• EXERCISE DESCRIPTION: Retype all entries exactly as they stand, excluding pictures.

• AVAILABLE DATA:
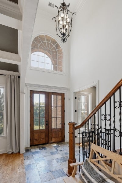 EXPECT TO BE IMPRESSED! Welcome to this gorgeous 5170 sq. ft. home nestled on a sprawling 7.97 acre lot in the most desired Liberty Creek school district! This 4 bedroom home has a luxurious primary suite w/ stunning bath & walk in closet located on main floor plus a second bedroom on the main floor! There is an expansive great room w/ custom fireplace surround open to the large family kitchen & eat-in area. Hardwood floors flow through main living areas. Formal dining & office. Chef's kitchen with walk in pantry, butlers pantry and bar top seating area. Lower level is set up for a workout area. Upstairs is a huge rec room, theater room and 2 guest suites! The back yard is where all the fun is!-inground pool, fire pit & chicken coop! Home has 2 covered patios, 2 open patios + paver patio w arbor & fireplace! 5 garages (2 on main level, 1 on lower level) Some of the garage space is very deep and could fit 7 cars! Incredible views all around! Home is located 15 minutes from I65/Exit 112 or 15 minutes to Kroger Gallatin TN.
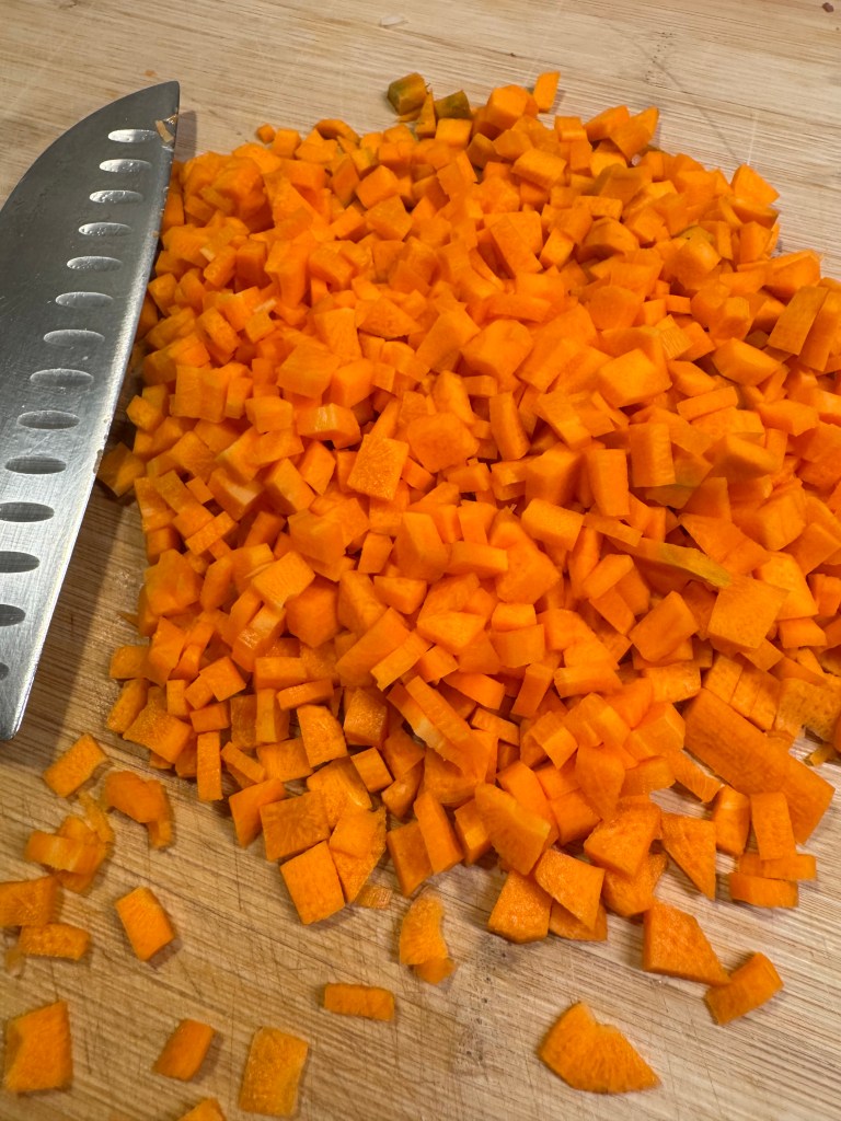 Pour réussir votre soffritto, prenez votre temps au moment de la découpe des ingrédients afin d’obtenir une brunoise fine et homogène ; nous vous parlions de patience, c’est pour cette étape !
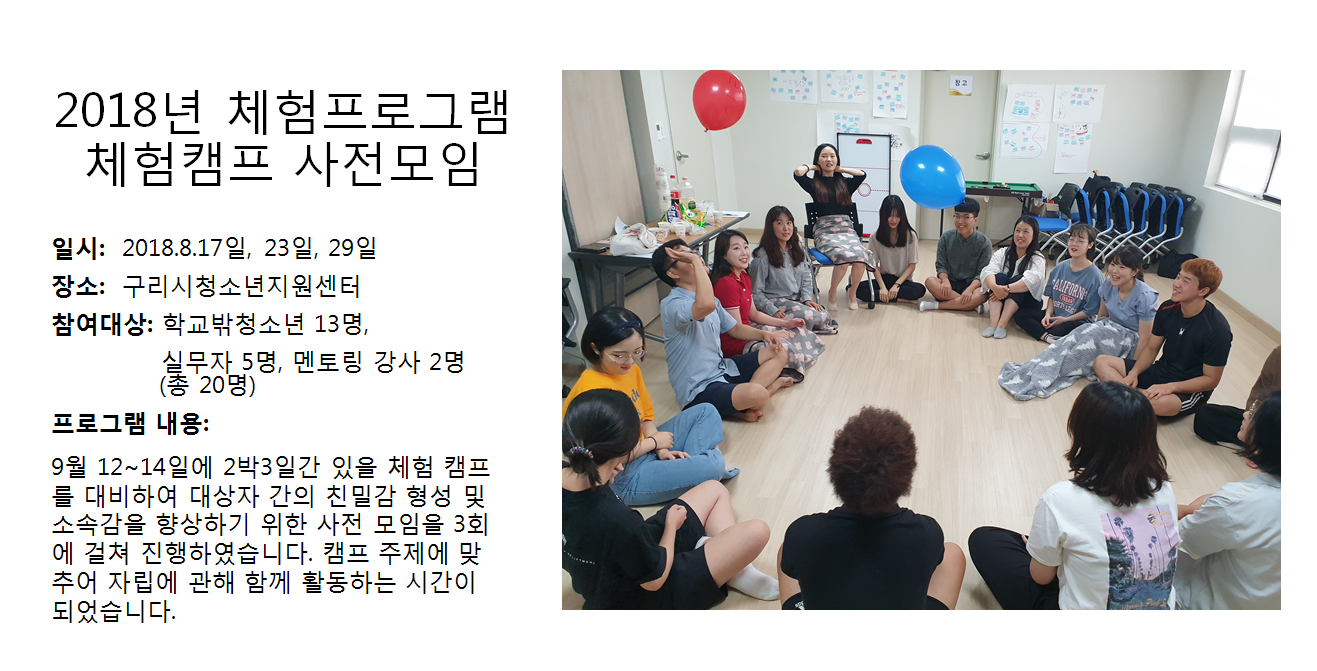 청소년상담복지센터 2018년 체험프로그램 체험캠프 사전모임 작성자 관리자 등록일자 2018년 9월 5일 10시 38분 4초 조회 302 1536111484_photo_table.png [ Size : 848.98KB , Down : 109 ] 미리보기 다운로드 목록보기
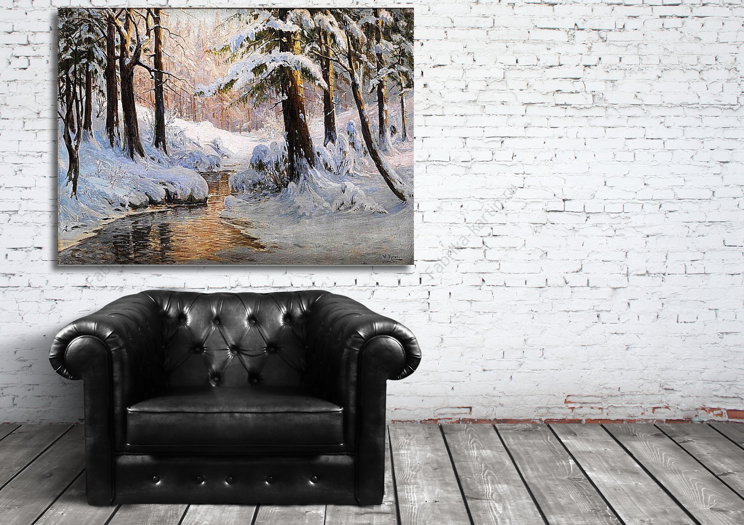 Репродукция картины "Заснеженный лесной ландшафт"
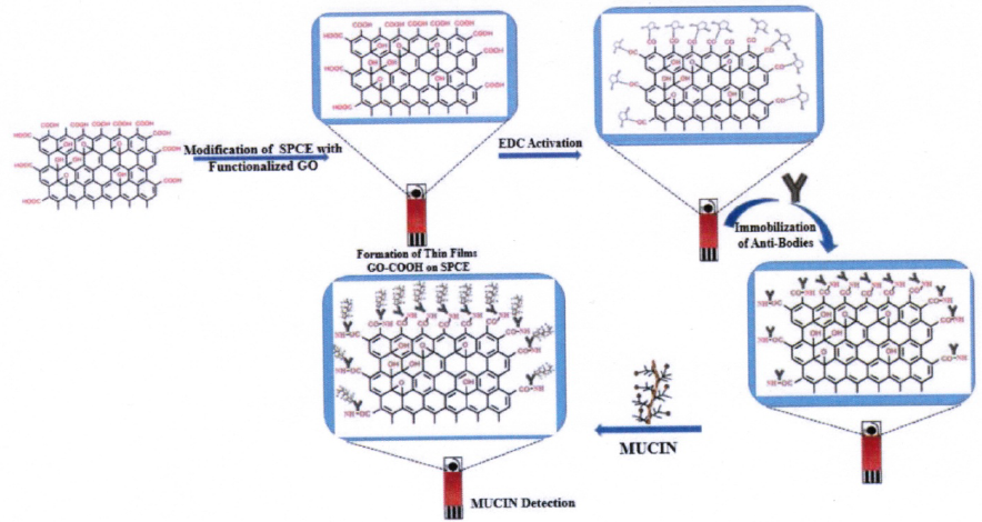 Rauf and coworkers developed for the first time a carboxylic group riched GO based disposable electrochemical immunosensor for cancer biomarker detection using methylene blue (MB). The developed immunosensor for detection of biomarker mucin1 (MUC1) is in human serum samples. In this method, they explored highly conductive surface of carboxylic group (-COOH-) rich GO on screen-printed carbon electrodes (SPCE). This modified GO-COOH-SPCE was employed for the detection of MUC1 protein based on the reaction with methylene blue (MB) redox probe using differential pulse voltammetry (DPV) technique (Fig. 3). Analytical performance of the developed immunosensor assures the applicability in clinical diagnostic applications [51].
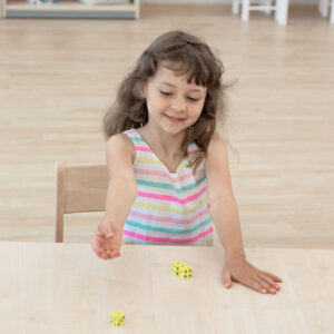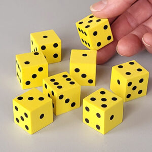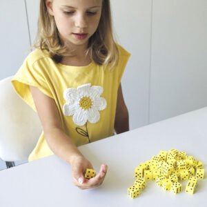 20 kusov molitanových MINI kociek s bodkami. Ideálne pre kolektívne hry, matematické rozcvičky alebo precvičovanie príkladov. Vďaka použitému materiálu sú nehlučné na akomkoľvek podklade. Čísla sú veľké a dobre čitateľné aj pri práci v skupine detí.
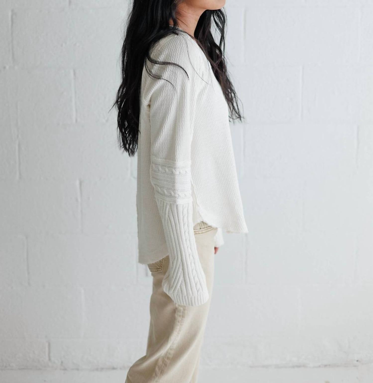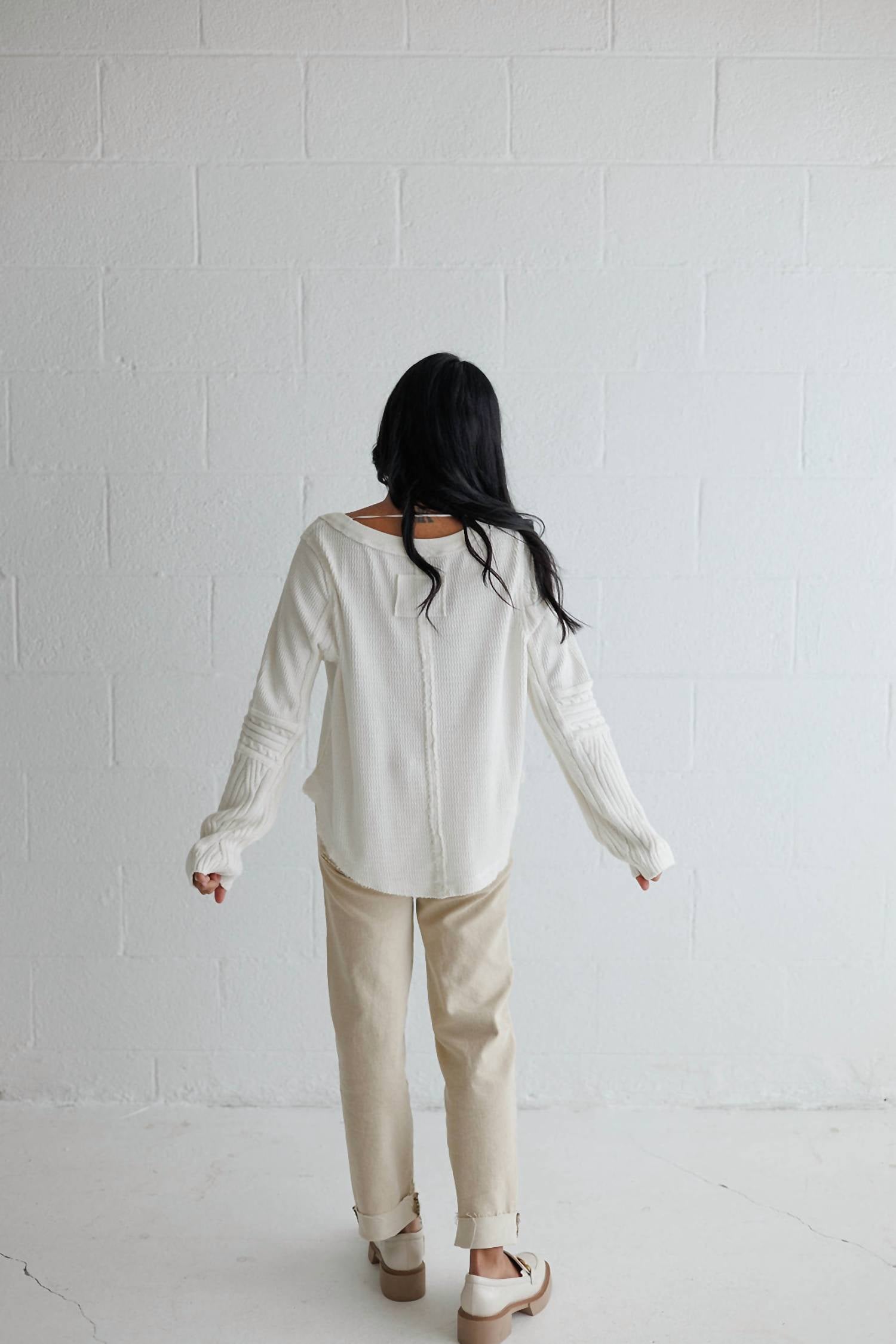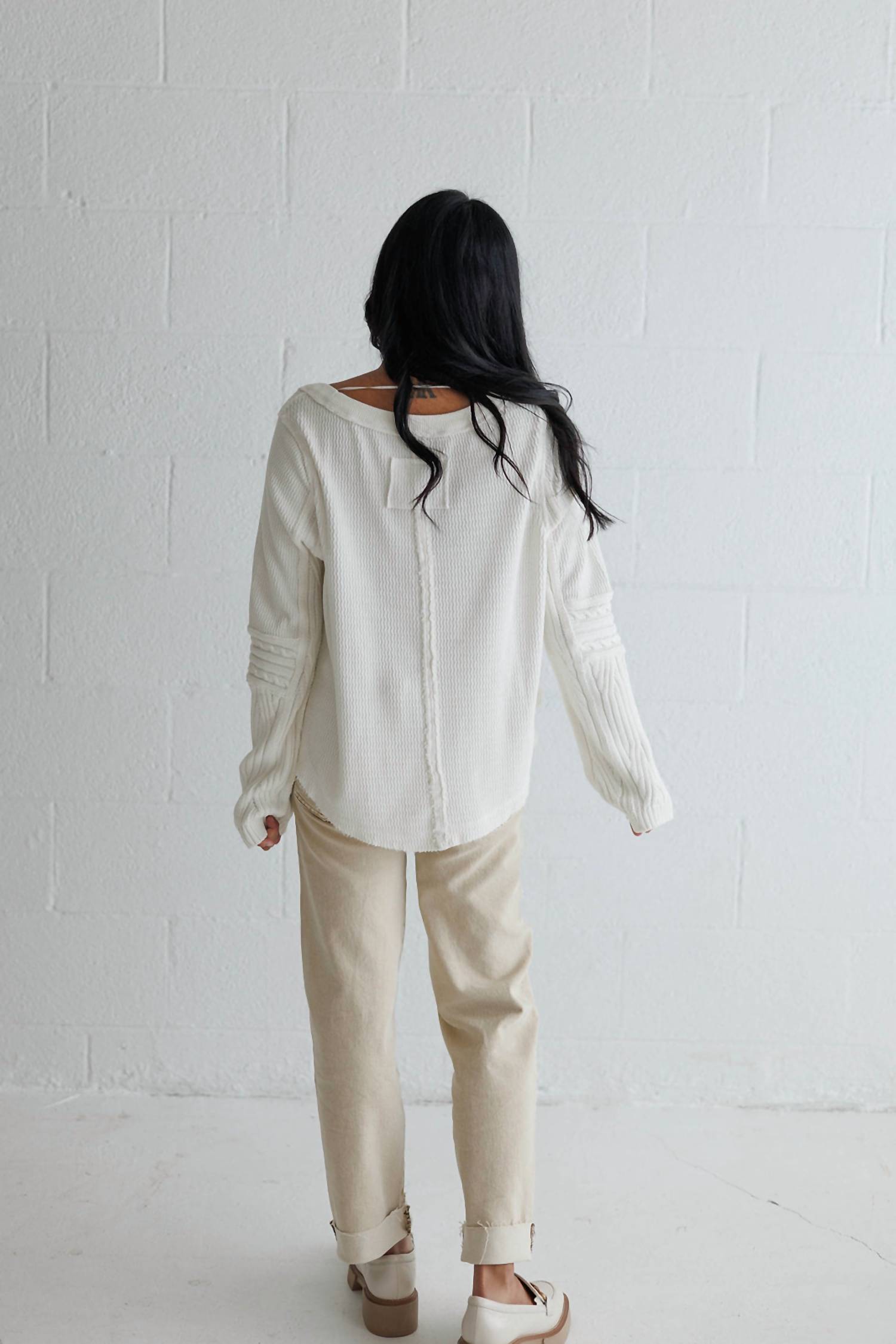 O suéter com punhos trançados e balanço traz um toque único ao seu guarda-roupa com seu caimento relaxado e corte clássico. Esta blusa de manga comprida é confeccionada em algodão texturizado, proporcionando um caimento confortável e elegante. O design apresenta decote redondo amplo, punhos trançados e detalhes de costura aparente para um visual ainda mais interessante. Fabricado na Índia, este suéter em tom marfim sólido é fácil de usar e possui um prático fecho de pressão.

• SOLUTION:
 EXPECT TO BE IMPRESSED! Welcome to this gorgeous 5170 sq. ft. home nestled on a sprawling 7.97 acre lot in the most desired Liberty Creek school district! This 4 bedroom home has a luxurious primary suite w/ stunning bath & walk in closet located on main floor plus a second bedroom on the main floor! There is an expansive great room w/ custom fireplace surround open to the large family kitchen & eat-in area. Hardwood floors flow through main living areas. Formal dining & office. Chef's kitchen with walk in pantry, butlers pantry and bar top seating area. Lower level is set up for a workout area. Upstairs is a huge rec room, theater room and 2 guest suites! The back yard is where all the fun is!-inground pool, fire pit & chicken coop! Home has 2 covered patios, 2 open patios + paver patio w arbor & fireplace! 5 garages (2 on main level, 1 on lower level) Some of the garage space is very deep and could fit 7 cars! Incredible views all around! Home is located 15 minutes from I65/Exit 112 or 15 minutes to Kroger Gallatin TN.
 Pour réussir votre soffritto, prenez votre temps au moment de la découpe des ingrédients afin d’obtenir une brunoise fine et homogène ; nous vous parlions de patience, c’est pour cette étape !
 청소년상담복지센터 2018년 체험프로그램 체험캠프 사전모임 작성자 관리자 등록일자 2018년 9월 5일 10시 38분 4초 조회 302 1536111484_photo_table.png [ Size : 848.98KB , Down : 109 ] 미리보기 다운로드 목록보기
 Репродукция картины "Заснеженный лесной ландшафт"
 Rauf and coworkers developed for the first time a carboxylic group riched GO based disposable electrochemical immunosensor for cancer biomarker detection using methylene blue (MB). The developed immunosensor for detection of biomarker mucin1 (MUC1) is in human serum samples. In this method, they explored highly conductive surface of carboxylic group (-COOH-) rich GO on screen-printed carbon electrodes (SPCE). This modified GO-COOH-SPCE was employed for the detection of MUC1 protein based on the reaction with methylene blue (MB) redox probe using differential pulse voltammetry (DPV) technique (Fig. 3). Analytical performance of the developed immunosensor assures the applicability in clinical diagnostic applications [51].
 20 kusov molitanových MINI kociek s bodkami. Ideálne pre kolektívne hry, matematické rozcvičky alebo precvičovanie príkladov. Vďaka použitému materiálu sú nehlučné na akomkoľvek podklade. Čísla sú veľké a dobre čitateľné aj pri práci v skupine detí.
 O suéter com punhos trançados e balanço traz um toque único ao seu guarda-roupa com seu caimento relaxado e corte clássico. Esta blusa de manga comprida é confeccionada em algodão texturizado, proporcionando um caimento confortável e elegante. O design apresenta decote redondo amplo, punhos trançados e detalhes de costura aparente para um visual ainda mais interessante. Fabricado na Índia, este suéter em tom marfim sólido é fácil de usar e possui um prático fecho de pressão.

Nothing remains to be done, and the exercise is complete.